Full-path enumeration#

Full-path enumeration is the simplest methodology implemented in the OpenQuake engine for logic-tree processing. As previously anticipated, it consists of computing hazard for the entire set of investigated sites using all the possible paths admitted by the specific logic tree structure defined. Let’s consider the example described in the figure above to illustrate how this method operates.

The logic structure depicted in this figure contains two branching levels each one including a single branch set. Note that for the sake of simplicity and clarity we assume that the first branching level (i.e. the one used to define the initial seismic source model) is not affected by epistemic uncertainty. Note also that the initial seismic source model contains only one fault source. The branch set in the first branching level describes the epistemic uncertainty on the dip angle; three values, each one with an associated probability, are considered plausible. The second branch set describes the epistemic uncertainties associated with the modelling of ground-motion; two GSIMs are admitted in this case. On the right side of the figure the entire set of models originated by the logic tree structure are briefly described in terms of their distinctive parameters.

Monte Carlo sampling#

The Monte Carlo sampling of the logic tree is implemented in a simple and straightforward way. Given a branch set, following the same order used to add the branches we create a cumulative distribution function like the one represented by the red bars in the figure below. A sample model is then obtained from this distribution simply via the generation of a random number (i.e. a real number in the interval [0.0, 1.0]) and the identification of the interval in the cumulative distribution which includes it. In the figure below the endpoints of the intervals are represented with horizontal dashed segments. Let’s assume for example that the random number generator gives a value equal to 0.6. As clearly visible on the y-axis, this value falls within the interval relative to branch ’b9’. Following samples will be generated by repeating the same procedure as many times as needed. Clearly the higher is the weight associated with a branch the higher will be its probability of being sampled. In the example figure the branch with the higher weight is ’b5’.

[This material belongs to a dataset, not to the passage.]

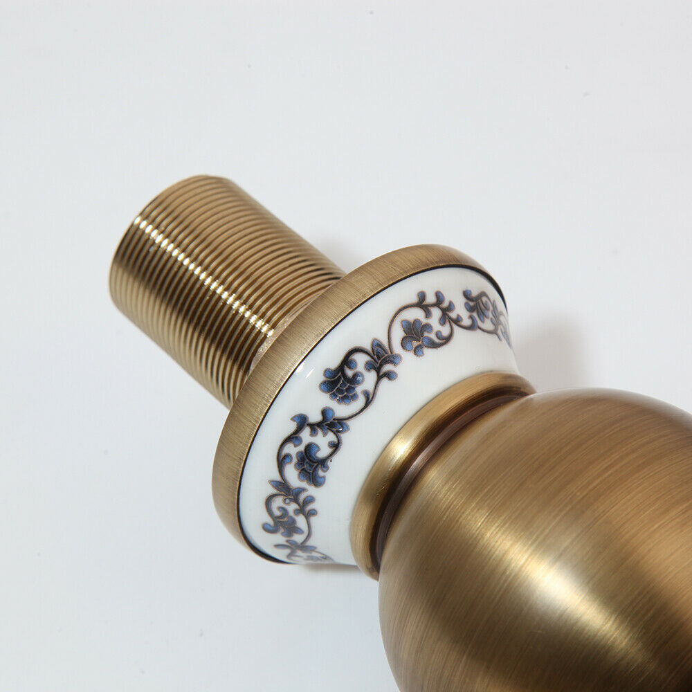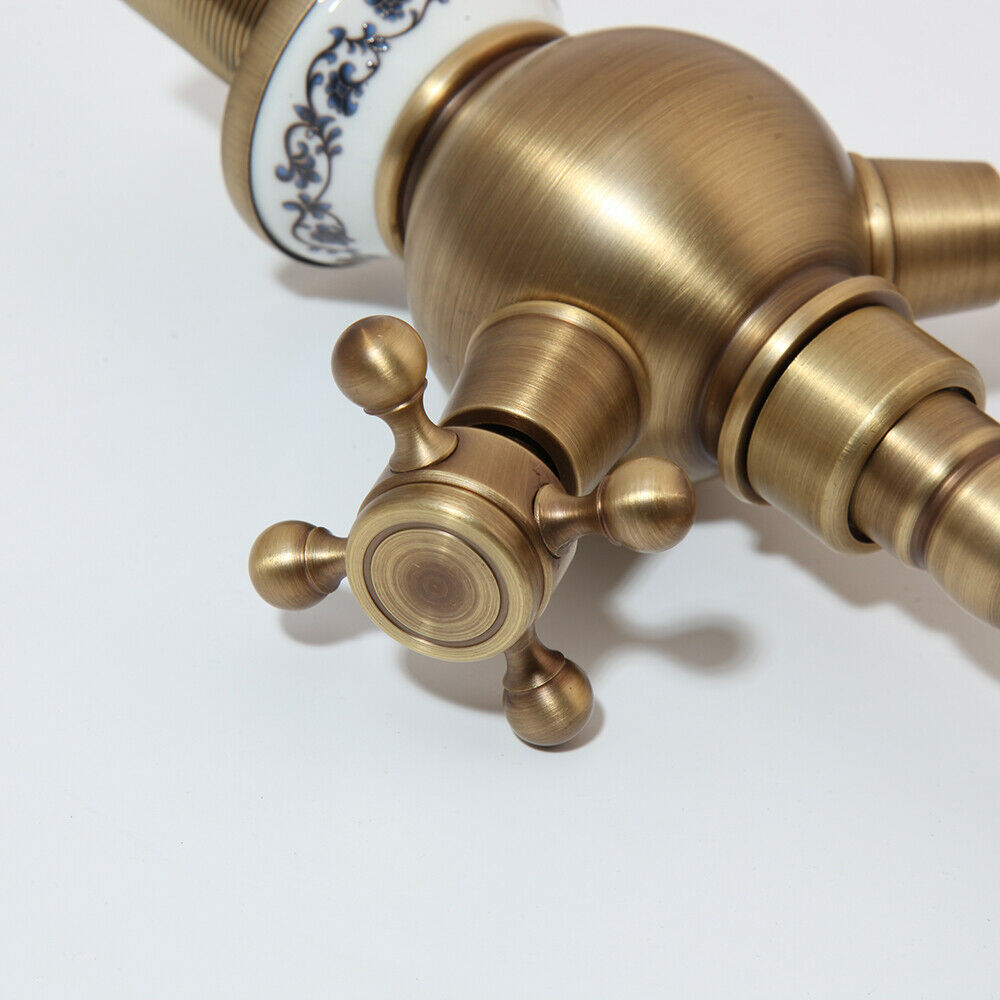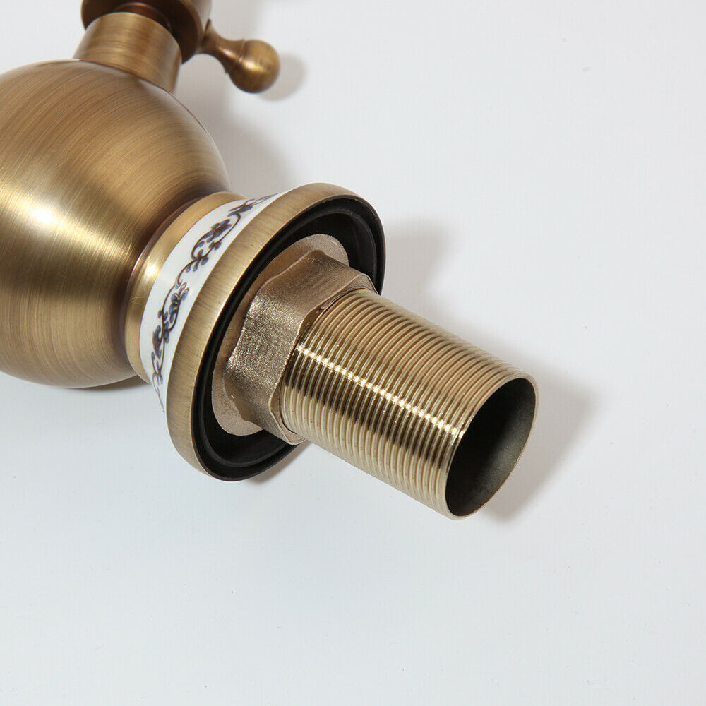 The country kitchen faucet has a brass body finished with bronze and a white ceramic decoration on the base.

A full path over the logic tree structure is built starting from the initial seismic source model and repeating this sampling procedure at each branching level.

../_images/list_of_branches.png

On the x-axis an hypothetical list of branches included in a branch set. The height of the blue bar is proportional to the corresponding weight. The red bars show the cumulative distribution function.#

Calculation of mean and percentiles/quantiles#

The calculation of statistical parameters on the computed hazard results is done using the following approach.

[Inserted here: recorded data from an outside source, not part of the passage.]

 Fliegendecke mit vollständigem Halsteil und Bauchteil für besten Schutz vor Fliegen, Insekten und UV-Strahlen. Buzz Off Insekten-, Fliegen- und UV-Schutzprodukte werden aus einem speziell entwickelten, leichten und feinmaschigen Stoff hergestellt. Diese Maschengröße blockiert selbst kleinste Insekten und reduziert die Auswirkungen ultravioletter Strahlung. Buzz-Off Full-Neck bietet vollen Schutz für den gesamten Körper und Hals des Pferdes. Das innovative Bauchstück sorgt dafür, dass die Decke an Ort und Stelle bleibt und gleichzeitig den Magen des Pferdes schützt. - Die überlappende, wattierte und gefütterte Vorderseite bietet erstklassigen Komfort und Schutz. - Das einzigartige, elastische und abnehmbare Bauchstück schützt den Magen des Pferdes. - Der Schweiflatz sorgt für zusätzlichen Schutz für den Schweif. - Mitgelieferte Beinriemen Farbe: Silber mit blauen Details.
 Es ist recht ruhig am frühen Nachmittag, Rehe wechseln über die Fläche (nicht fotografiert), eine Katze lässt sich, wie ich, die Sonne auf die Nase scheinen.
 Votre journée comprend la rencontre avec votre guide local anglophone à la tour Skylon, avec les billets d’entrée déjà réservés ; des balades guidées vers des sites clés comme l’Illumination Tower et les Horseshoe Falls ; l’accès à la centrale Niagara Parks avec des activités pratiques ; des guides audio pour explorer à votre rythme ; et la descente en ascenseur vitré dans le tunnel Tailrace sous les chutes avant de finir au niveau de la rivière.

From the set of hazard curves computed at a specific site we select the probabilities of exceedance for a given intensity measure level \(P=\{poe_1,poe_2,..,poe_n\}\) where \(n\) is the number of realisations i.e. hazard results obtained by processing the logic tree.

In case of a full path enumeration processing methodology, we arrange \(P\) in ascending order and we change the order of the corresponding weights accordingly. Using these weights we compute the cumulative distribution function (CDF). We intepolate the curve defined by the CDF and the probabilities of exceedance (poes) to obtain the values of poes corresponding to the quantiles defined by the user. Using the computed values of the probability of exceedance we find the corresponding curves.

In case of a logic tree processing based on a Monte Carlo sampling the quantiles are computed from this set of probabilities using standard methodologies.

Future developments#

The most urgent development with respect to this topic is the expansion of the modules provided to model epistemic uncertainties at the level of the seismic source modeling as well as for the description of epistemic uncertainties involving the ground motion model.